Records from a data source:
▼

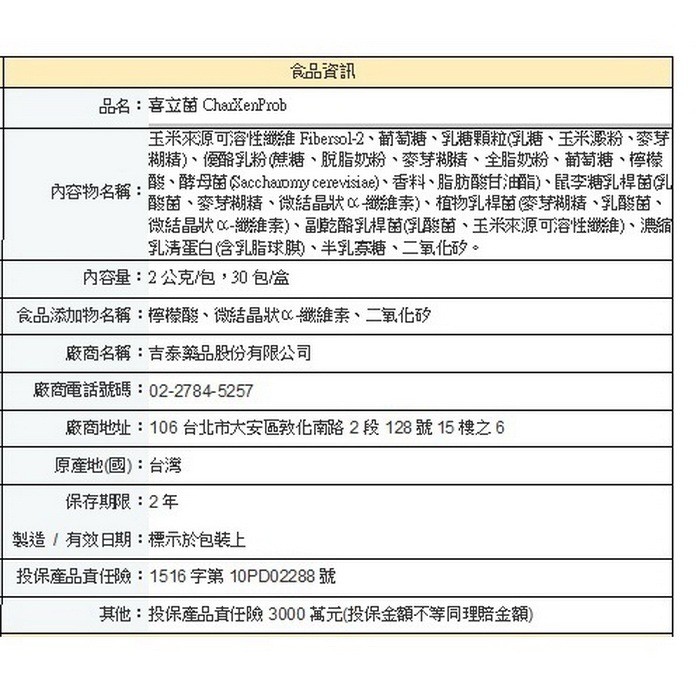 品牌 : 吉泰 產品名稱 : 【吉泰】喜立菌CharXenProb (30包/盒) 容量/規格:30包/盒 成 […]
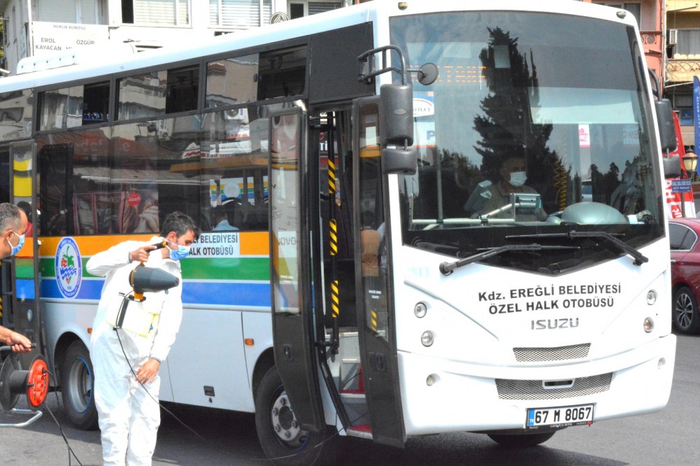 Pandemide rakamların artış göstermesinin ardından Kdz. Ereğli Belediyesi Ulaşım Hizmetleri Müdürlüğü denetiminde Çilek Özel Halk Otobüslerinin tamamı dezenfekte edildi. Çalışmalar belirli aralıklarla devam edecek.”
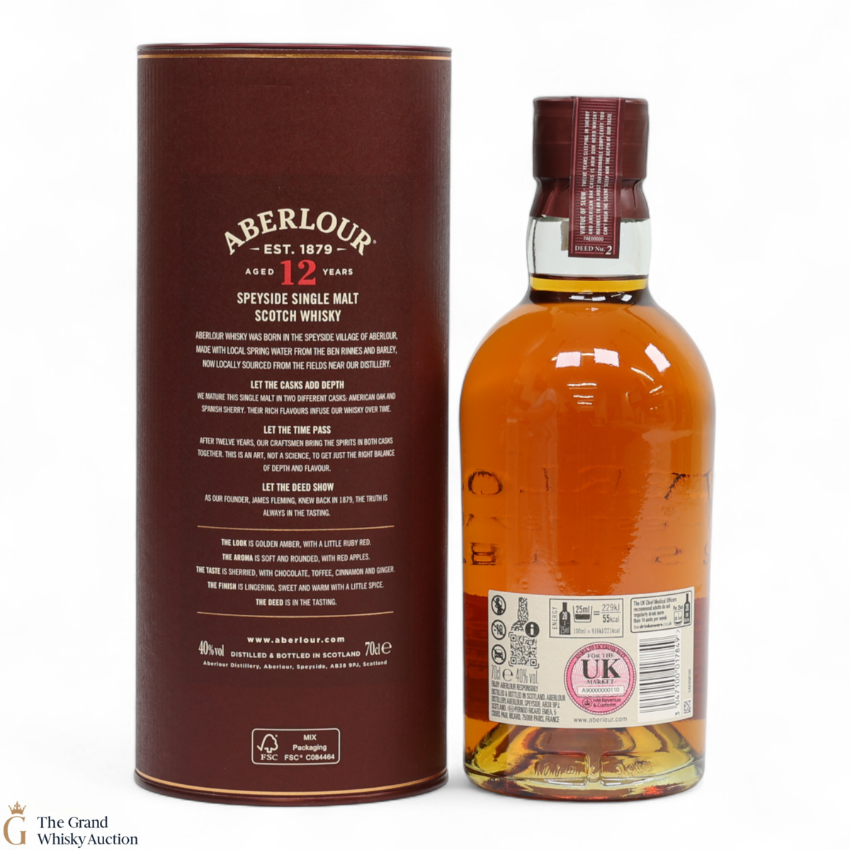 This Aberlour 12 Year Old, has been double cask matured in two handmade oak cask types. The double maturation of both traditional oak and sherry casks adds depth of character to this single malt, now bottled at 40% abv.
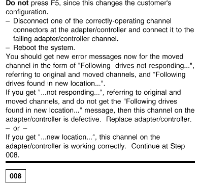 If you get the "...drives not responding" message, and do not get the "Following drives found in new location...", there is a problem on the SCSI channel outboard of the adapter/controller that prevents the adapter/controller from communicating with the devices attached to that channel.
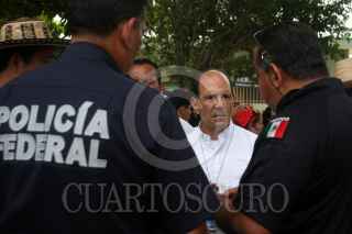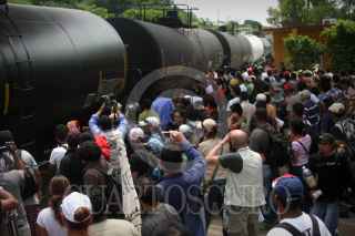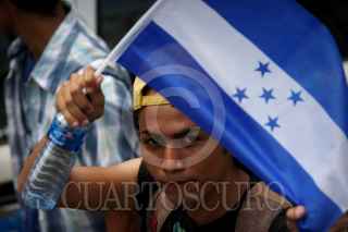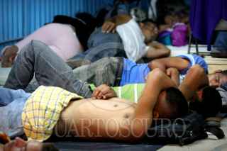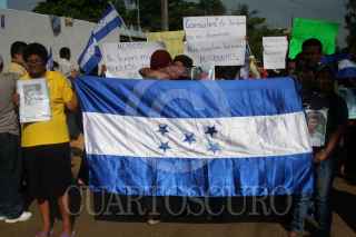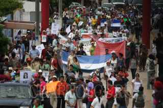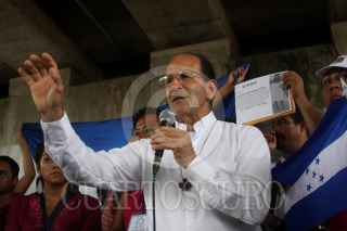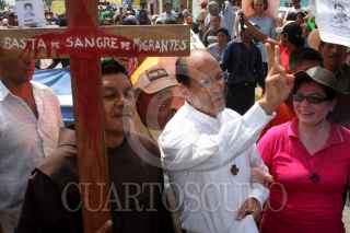 COATZACOALCOS, VERACRUZ., 29JULIO2011.- Cientos de migrantes centroamericanos recorrieron las principales calles de esta ciudad, acompañados del sacerdote defensor, Alejandro Solalinde Guerra, en donde exigieron a las autoridades de los tres niveles de gobierno y a la delincuencia organizada frenaran las agresiones y secuestros en su contra, la protesta se llevó a cabo en el marco de la caminata Paso a Paso por la Paz. FOTO: FÉLIX MÁRQUEZ/CUARTOSCURO.COM
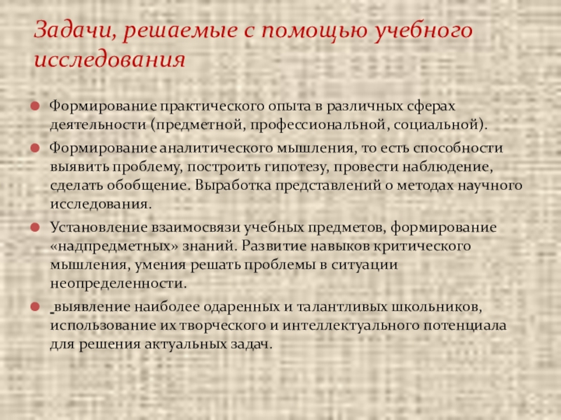 Задачи, решаемые с помощью учебного исследования
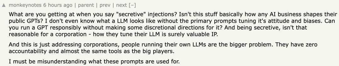 有人从商用 GPT 的角度指出:「这难道不是人工智能企业塑造其 GPT 的基本方式吗?如果不给 GPT 一些恰当的指令,能否保证负责任地运行 GPT 模型?保密对于商业公司来说不是很合理吗?他们如何调整其 LLM 是有价值的知识产权。」
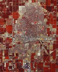 Between 1998 and 2002, FMMP transitioned the mapping process to a 'heads-up digitizing' workflow in which all data sources (digital photography, soil lines, field notations, reference maps) are co-registered and digitizing is done on screen. Examples of a color infrared air photo and resulting map, in the Hanford area, are below. These changes, along with today's many internet resources, improved the spatial and classification accuracy of the Important Farmland Maps.
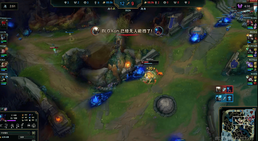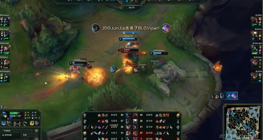 4分钟:Xun游走中路gank被Junjia反蹲,HongQ杰斯拿到双杀
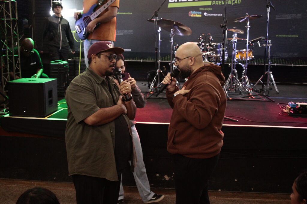 Durante as apresentações, o Youtuber e baterista, Lucas Gonçalves e Dhemis Messias interagem com a galera. Eles chamaram pessoas da plateia para participarem das atividades.

▲

▸ Your objective
Starting at the line above that holds "Pandemide rakamların artış", return each line up to and including the one that holds "If you get the", exactly as written, minus any pictures.

▸ Answer space
 Pandemide rakamların artış göstermesinin ardından Kdz. Ereğli Belediyesi Ulaşım Hizmetleri Müdürlüğü denetiminde Çilek Özel Halk Otobüslerinin tamamı dezenfekte edildi. Çalışmalar belirli aralıklarla devam edecek.”
 This Aberlour 12 Year Old, has been double cask matured in two handmade oak cask types. The double maturation of both traditional oak and sherry casks adds depth of character to this single malt, now bottled at 40% abv.
 If you get the "...drives not responding" message, and do not get the "Following drives found in new location...", there is a problem on the SCSI channel outboard of the adapter/controller that prevents the adapter/controller from communicating with the devices attached to that channel.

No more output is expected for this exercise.